“Where did you get it?”
Unable to escape, Julie replied in a lowered voice, “It was given me by—a—a herb woman who had helped people I know—of. She has gone away. I can’t find her. I need the medicine”—with rising spirit and an attempt at dignity—“it’s a native specific.”
“Wait, I will try and analyze it.” He turned into his tiny laboratory, the pellet, the last one, stuck perilously on his moist thumb.
Julie sat down and studied respectfully the irrefutable bottles. The clerk mixed himself a surreptitious drink behind the counter, and fell into gentle extinction.
Finally Kantz’s great shape moved in, and Julie, glancing up, found him looking at her very hard—stare which even before he opened his mouth, threw every cell in her into turmoil.
“Ach!
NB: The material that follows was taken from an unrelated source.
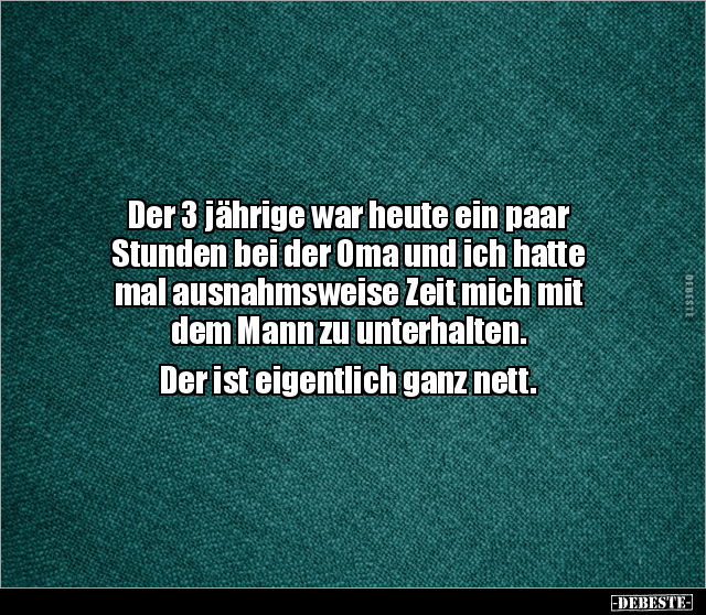 Der 3 jährige war heute ein paar Stunden bei der Oma und ich hatte mal ausnahmsweise Zeit mich mit dem Mann zu unterhalten. Der ist eigentlich ganz nett.

I have lived in the East for forty years, and do you think I do not know all the tricks of your kind?”
The girl tried to be sure that she was not confronting a maniac—but he was so monstrously calm. “What do you mean?” she quavered in fright.
“That you will not get any more of that medicine, here or in any other drug store unless the keeper wishes to go to Bilibid.”[1]
He employed a threatening, familiar tone. Once she had heard a man speak to a drunkard like that.
“What is the stuff?” she cried wildly. “Is it poison? Tell me at once.”